One of the inherently amazing things about this crazy thing called life, is how different we all are, and how our minds work completely independently from others. My thought process will never be the same as anyone else's. You can share certain kinds of anxieties, yes, but how you deal with them will not be the same as anyone else's experience.
To me, this brings comfort. I like to know that I'm unique in that way. It's almost like a specially made kind of armor to ready me for the world. Because of my thought process, I can understand my daughter a bit more. She exhibits some similarities to my way of thinking, and of course has my sass and sarcasm. I think it also lets me befriend the people that are more introverted, because I can see a bit more of them outside from the view of the surface. This makes children warm to me quickly as well.

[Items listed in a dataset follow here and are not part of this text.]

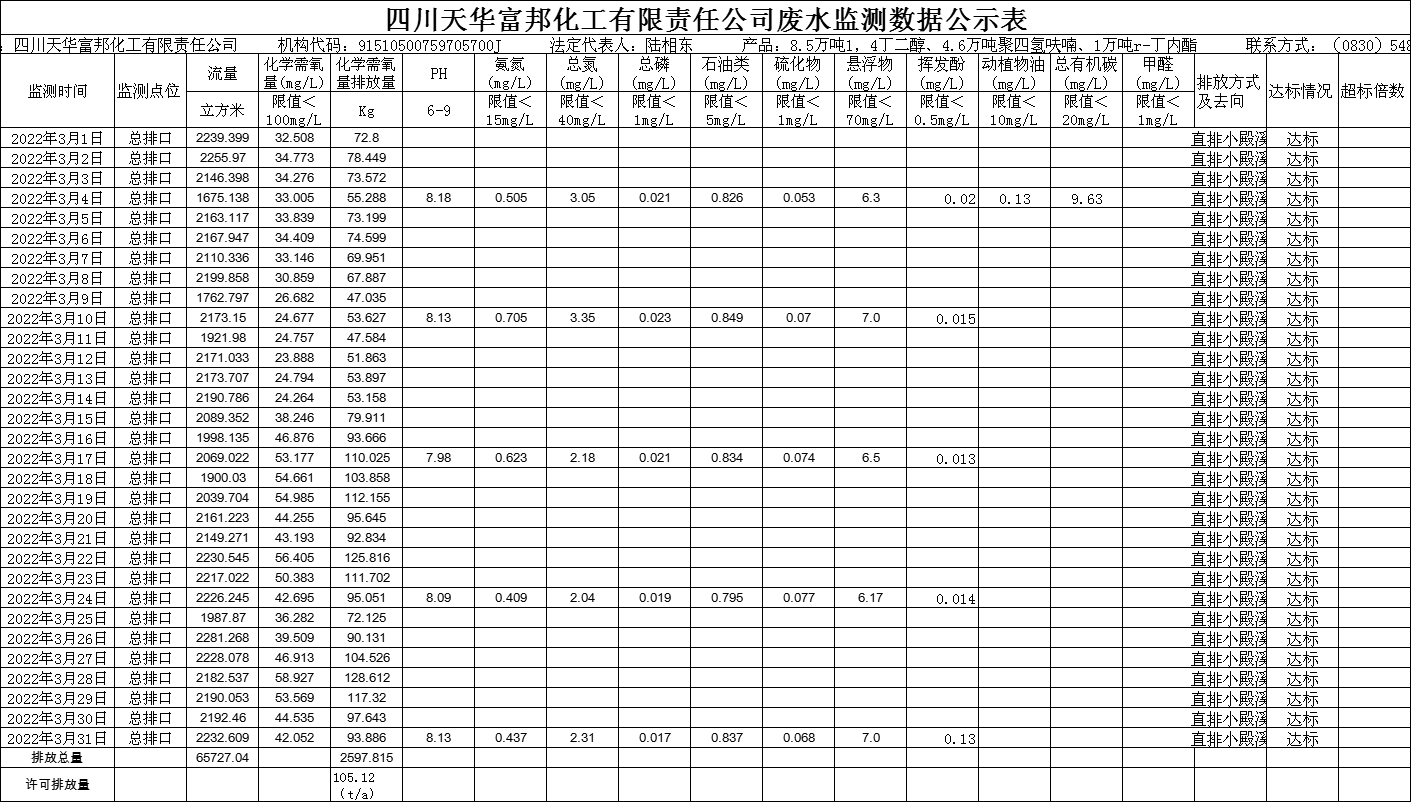 四川天華富邦化工有限責任公司2022年3月廢水監測數據公示
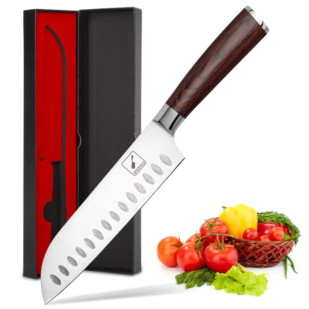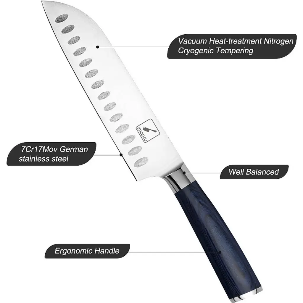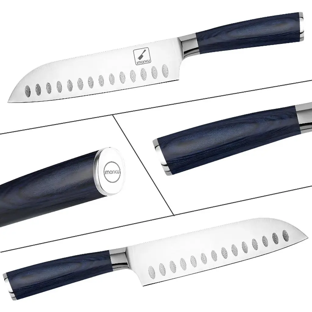 Professional Santoku Knife: This imarku Super Sharp Santoku Knife is made of German HC stainless steel that resists rust, corrosion, and discoloration. It can be used for your daily kitchen tasks of chopping, slicing, dicing, and mincing of all kinds of meat, vegetables, fruits, and bread. It is suitable for both home and restaurant kitchens Ultra-Sharp Edge:This kitchen knife is very sharp and has undergone many rigorous tests. It will be perfect for both home and professional kitchens. The thickness of this kitchen knife is 2.5mm. Its hand-polished edge is 15-18 degrees per side, which is sturdy and sharp to get the job done perfectly Ergonomic Design:The handle of this Santoku knife is blue and ergonomically designed. The Parkwood handle makes it very easy to cut with this knife. The ergonomic handle reduces the pressure on the grip, so you won't feel your wrist getting tired even after long hours of use. This Santoku knife is perfect for housewives, cooking enthusiasts, and professional chefs Unique Blade Design:This 7" Santoku chef's knife is designed with a unique hollow oval edge on both sides of the blade. This unique design prevents vegetables and meat from sticking to the blade when using this knife to cut vegetables or meat. This Santoku chefs knife will give you a great experience when slicing, dicing, and chopping Guarantee&Exquisite Gifts:We have a perfect after-sales service system to provide you with satisfactory service. This knife comes in a very nice package, perfect for birthday gift, Christmas gift, Thanksgiving gift, etc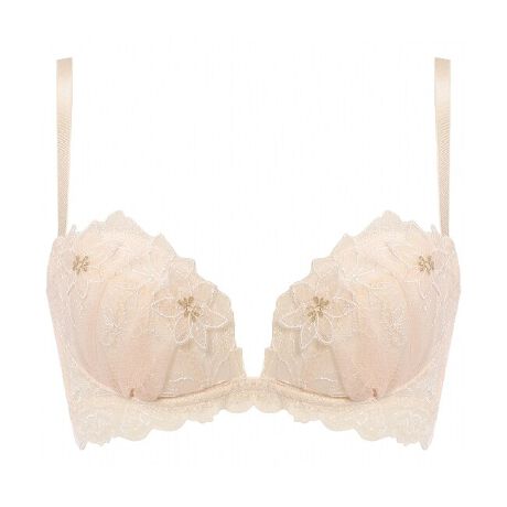 センターが低めで、カップ脇をすっきりしたラインにすることで、バストを内側にプッシュして谷間を作ります。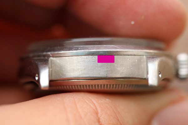 Excellent vintage condition case shows obvious signs of wear and age, but also shows little signs of polishing or refinishing. Very crisp and fully intact numbers between lugs. No corrosion or pitting.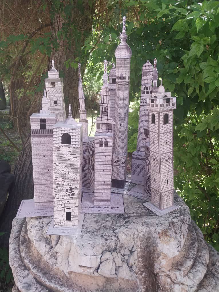 ماكيت مآذن سوريا, مئذنة جامع الجامعة الكبير جامع حارة السريا قلعة الحصن, حمص,مئذنة الجامع الأموي في دمشق,مئذنة جامع العمري في درعا,مئذنة جامع الأقرعي في إدلب, مئذنة الجامع الكبير في إدلب, مئذنة الجامع العمري في دير الزور,مئذنة الجامع الكبير في معرة النعمان,مئذنة الجامع الأموي في حلب ,مئذنة جامع خالد ابن الوليد في حمص.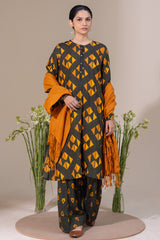 Classic-fit printed shirt with a round neckline and buttoned front placket. Paired with printed farshi shalwar for a coordinated look.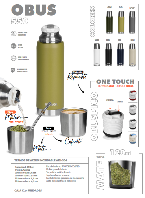• Tapa funcional, apta para utilizarla como mate o vaso.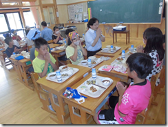 ◆授業参観後、今回、みえた先生方に子どもたちといっしょに給食を食べていただきました。授業だけではない普段の子どもたちの明るく、伸びやかな姿も見ていただくことができました。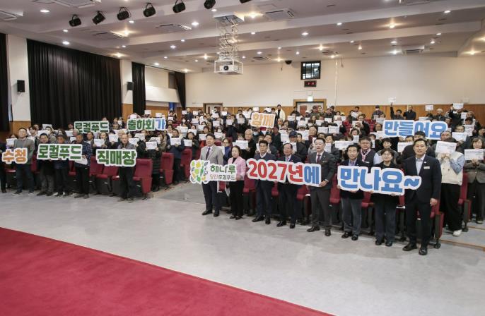이날 출하 다짐대회에서는 농가들이 ‘수청 로컬푸드 직매장 2027년에 만나요, 로컬푸드 출하회가 함께 만들어요’라는 문구가 적힌 피켓을 들고 참여해 2027년 상반기 개장을 앞둔 수청동 직매장을 향한 기대와 의지를 함께 공유했다.
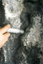 Bereich, der mit Steinersatzmasse ergänzt wurde (KSE mit Steinmehl in einer dem Originalmaterial angepasster sechsteiliger Sieblinie) |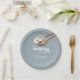 Estas placas de papel de chá de fraldas de formato simples são a adição perfeita a uma celebração única e divertida. Apresentando um belo manguezamento segurado por pauzinhos, aliado a tipografia divertida, esta design adota uma estética quente e acolhedora. O fundo azul suave melhora o tema, fazer ideal para um chá de fraldas temático de soma escura. Com o nome do futuro pai, estas placas de papel acrescentam um toque personalizado enquanto unem perfeitamente a decoração do chá de fraldas. Perfeito para servir deliciosos doces enquanto celebra a chegada de um pequeno, esses pratos trazem charme e diversão para qualquer cenário de chá de fraldas.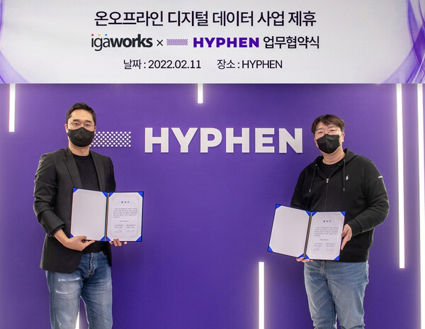계약식은 아이지에이웍스 마국성 대표, 손광래 최고전략책임자, 하이픈코퍼레이션 정순권 대표, 박용현 리더 등 각 사 주요 관계자들이 참석한 가운데, 서울 강남구에 위치한 하이픈코퍼레이션 본사에서 진행됐다.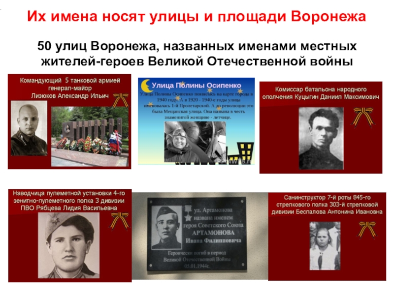 Дорогой ценой досталась Победа, более 100 тысяч человек погибло в боях за Воронеж.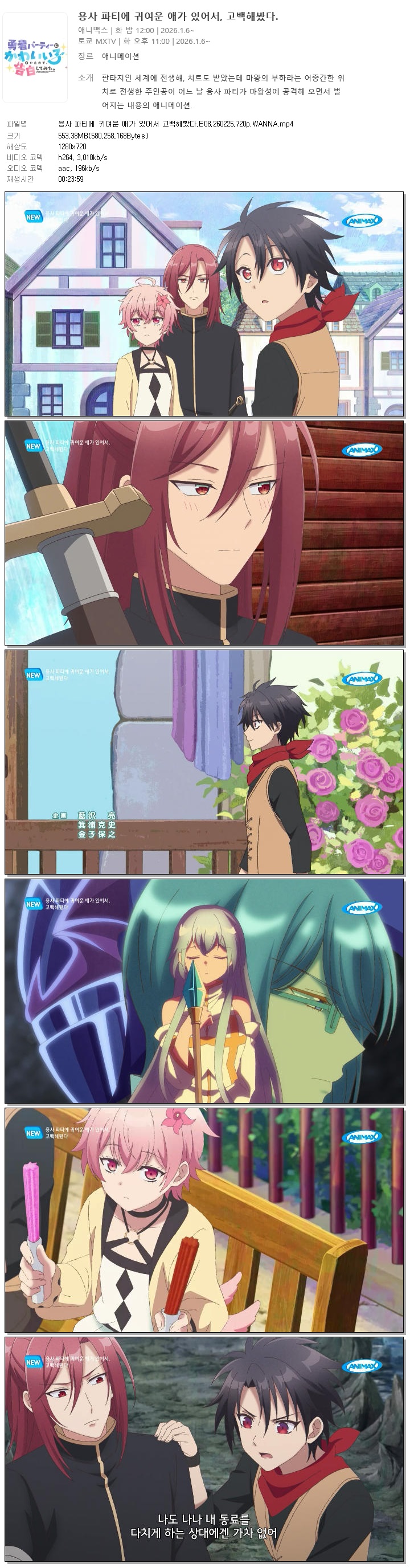 animation 애니 용사 파티에 귀여운 용사 파티에 귀여운 애가 있어서 고백해봤다.E08.260225.720p.WANNA person바오*** calendar_today2026.01.01 visibility4,215 download 다운로드 1개 파일 folder_zip 용사 파티에 귀여운 애가 있어서 고백해봤다.E08.260225.720p.WANNA.mp4 553 MB download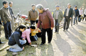 被農(nóng)婦何結(jié)釗砍死的5人的葬禮在2007年的最后一天舉行,而疑兇的家人則以下跪的方式面對死者家屬。記者采訪發(fā)現(xiàn),這場悲劇帶來的傷害,不管是對受害人家屬,還是對疑兇家人,都將會是一場無盡的痛,5條人命、3個家庭,一種難以用言語表達(dá)的傷害,究竟是誰的錯……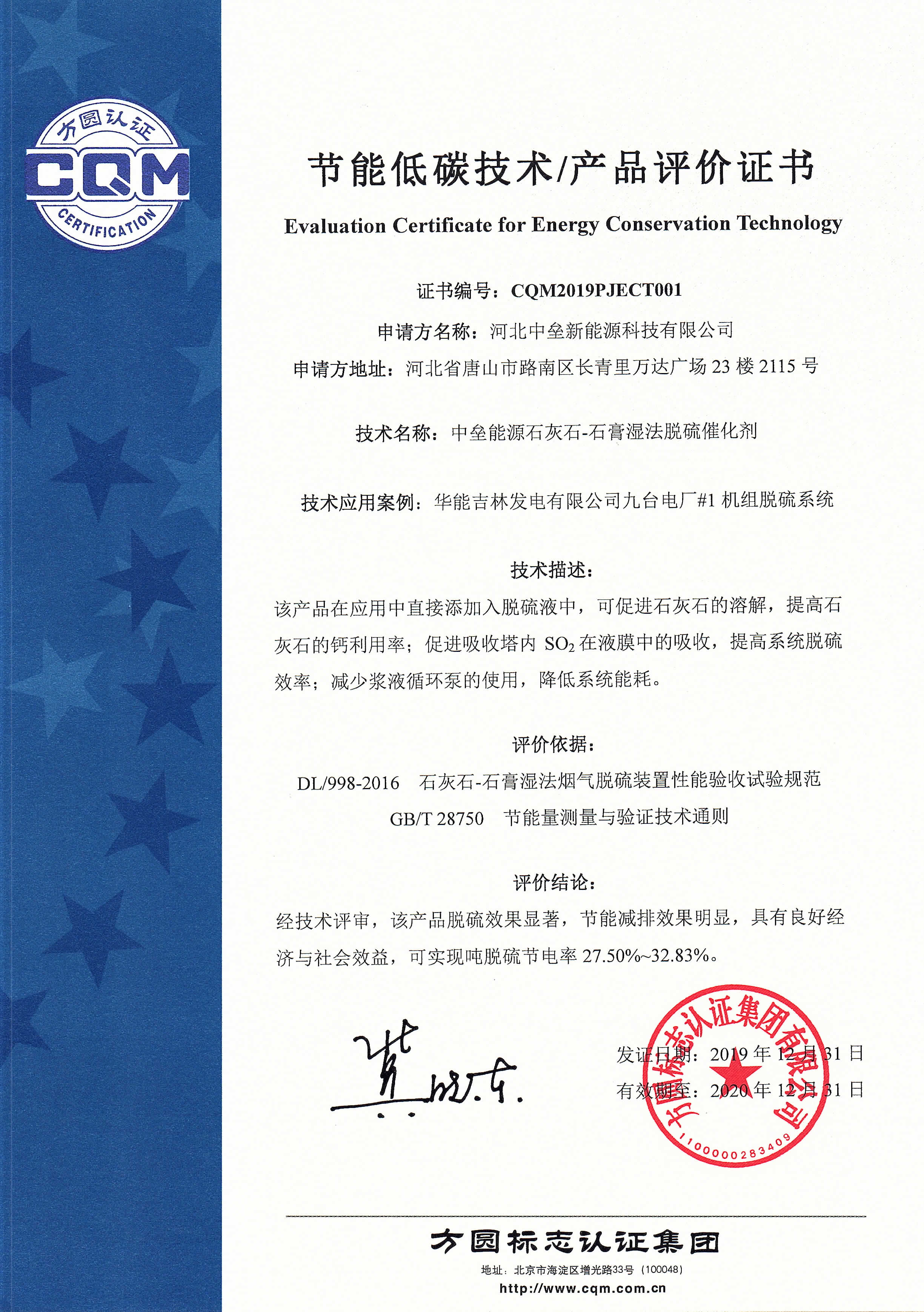 时间:2020年01月08日 近日,方圆集团依据《GB/T 28750 节能量测量与验证技术通则》对河北中垒新能源科技有限公司的石灰石-石膏湿法脱硫催化剂在华能吉林发电有限公司九台电厂#1机组脱硫系统的应用技术进行了评价。

I may be an adult, but I can understand children in a way that makes me seem less intimidating. It worked wonders in my nanny years, for sure.
A lot of my anxieties are hard for the general public, and especially employers, to deal with and understand, and I've struggled with that. I carry my world on my shoulders because when I was 12, every idea of what I thought I knew was my life, was shattered in one afternoon. I felt completely alienated and uncomfortable with everything all at once. So, being aware that it can happen like that again, at any moment, brings out my rough edges.
I wrestle with expectations, ideals, keeping up a certain image, how I should behave, what would be acceptable and what wouldn't. I thrive in large social situations like parties and gatherings because I blend in and don't have to be "one thing" in particular. One on one, I can struggle, depending on the cohort. Many people will also only know certain parts of me, based on what I asses as their "acceptability," of all that is "Anxious Alison." I often keep myself from being "too Alison," with certain things as it has gotten me into trouble too often to ignore, but I'm learning to better share and embrace all of those sides.
We all think differently, see differently and experience things differently. What I hope for is that we find commonalities through it, rather than more division. I think we are slowly getting there, but it's such a work in progress, much like our personal lives. If you are like me, I'm open to talking about it. If you're the polar opposite, I'm even more open to talking about it because our different ways of thinking are fascinating, and learning about one another only makes us stronger. I'm all for strength in our similarities, or even in our differences. Bring it on!
I've renamed this blog multiple times and this one, well "This Time Around," it's dedicated to and named by my best friend since the third grade whom I lovingly call "La," for seeing me through these trying times. It's the "Roaring 2020's." We've seen fires, murder hornets, a pandemic and The Tiger King. I finalized my divorce, am navigating single motherhood, working from home, distance learning and all the things. This time around should be something else.